What needs to be done = Every entry below is to be copied word for word, with its pictures removed.

Provided data =
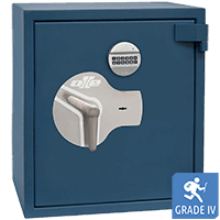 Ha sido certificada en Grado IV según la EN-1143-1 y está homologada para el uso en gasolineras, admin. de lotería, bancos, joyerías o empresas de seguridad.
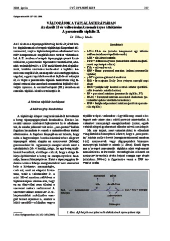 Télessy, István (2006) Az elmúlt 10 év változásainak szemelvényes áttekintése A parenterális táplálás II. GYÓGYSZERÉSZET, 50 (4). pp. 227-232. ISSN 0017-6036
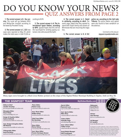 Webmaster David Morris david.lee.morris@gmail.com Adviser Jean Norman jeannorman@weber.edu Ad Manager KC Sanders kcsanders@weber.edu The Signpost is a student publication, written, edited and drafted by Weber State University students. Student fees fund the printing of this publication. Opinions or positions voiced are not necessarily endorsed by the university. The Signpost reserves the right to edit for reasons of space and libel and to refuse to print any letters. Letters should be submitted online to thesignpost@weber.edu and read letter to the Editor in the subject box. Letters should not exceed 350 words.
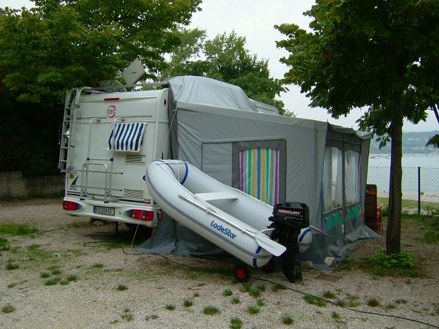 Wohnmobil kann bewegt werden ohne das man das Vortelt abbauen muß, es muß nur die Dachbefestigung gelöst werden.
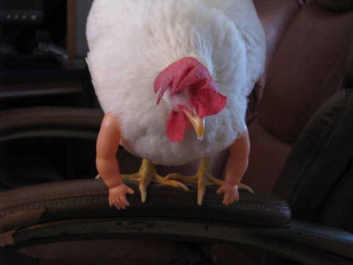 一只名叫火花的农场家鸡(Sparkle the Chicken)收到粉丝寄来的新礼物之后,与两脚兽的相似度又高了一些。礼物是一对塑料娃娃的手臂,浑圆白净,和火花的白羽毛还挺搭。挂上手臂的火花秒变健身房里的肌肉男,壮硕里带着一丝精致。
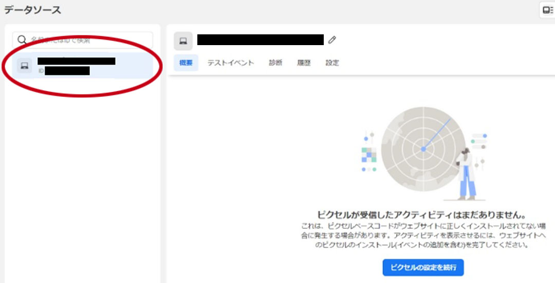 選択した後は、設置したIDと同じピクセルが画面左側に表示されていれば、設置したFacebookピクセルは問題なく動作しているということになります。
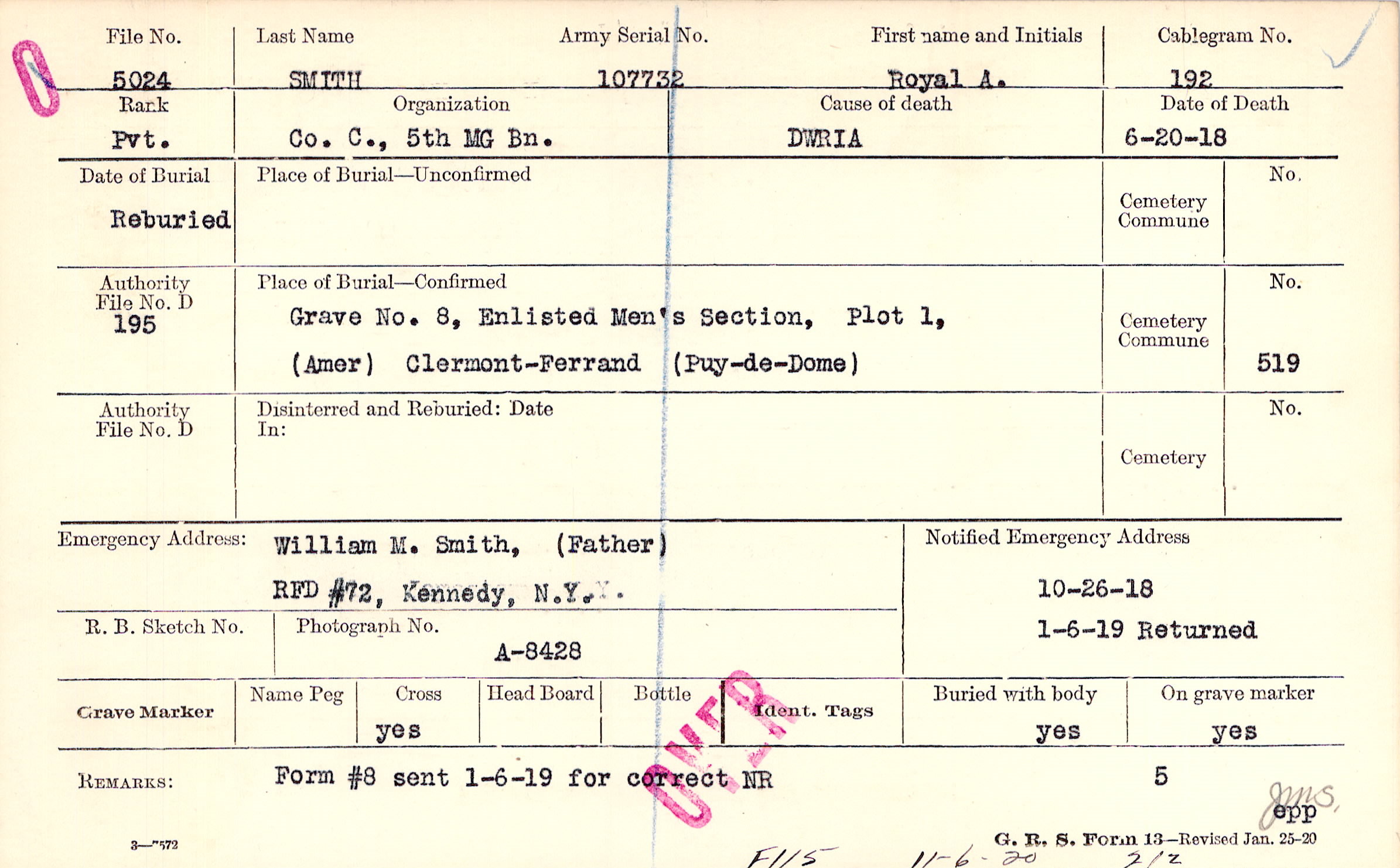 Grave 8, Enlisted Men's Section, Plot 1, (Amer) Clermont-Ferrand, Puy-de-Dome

The completed task =
 Ha sido certificada en Grado IV según la EN-1143-1 y está homologada para el uso en gasolineras, admin. de lotería, bancos, joyerías o empresas de seguridad.
 Télessy, István (2006) Az elmúlt 10 év változásainak szemelvényes áttekintése A parenterális táplálás II. GYÓGYSZERÉSZET, 50 (4). pp. 227-232. ISSN 0017-6036
 Webmaster David Morris david.lee.morris@gmail.com Adviser Jean Norman jeannorman@weber.edu Ad Manager KC Sanders kcsanders@weber.edu The Signpost is a student publication, written, edited and drafted by Weber State University students. Student fees fund the printing of this publication. Opinions or positions voiced are not necessarily endorsed by the university. The Signpost reserves the right to edit for reasons of space and libel and to refuse to print any letters. Letters should be submitted online to thesignpost@weber.edu and read letter to the Editor in the subject box. Letters should not exceed 350 words.
 Wohnmobil kann bewegt werden ohne das man das Vortelt abbauen muß, es muß nur die Dachbefestigung gelöst werden.
 一只名叫火花的农场家鸡(Sparkle the Chicken)收到粉丝寄来的新礼物之后,与两脚兽的相似度又高了一些。礼物是一对塑料娃娃的手臂,浑圆白净,和火花的白羽毛还挺搭。挂上手臂的火花秒变健身房里的肌肉男,壮硕里带着一丝精致。
 選択した後は、設置したIDと同じピクセルが画面左側に表示されていれば、設置したFacebookピクセルは問題なく動作しているということになります。
 Grave 8, Enlisted Men's Section, Plot 1, (Amer) Clermont-Ferrand, Puy-de-Dome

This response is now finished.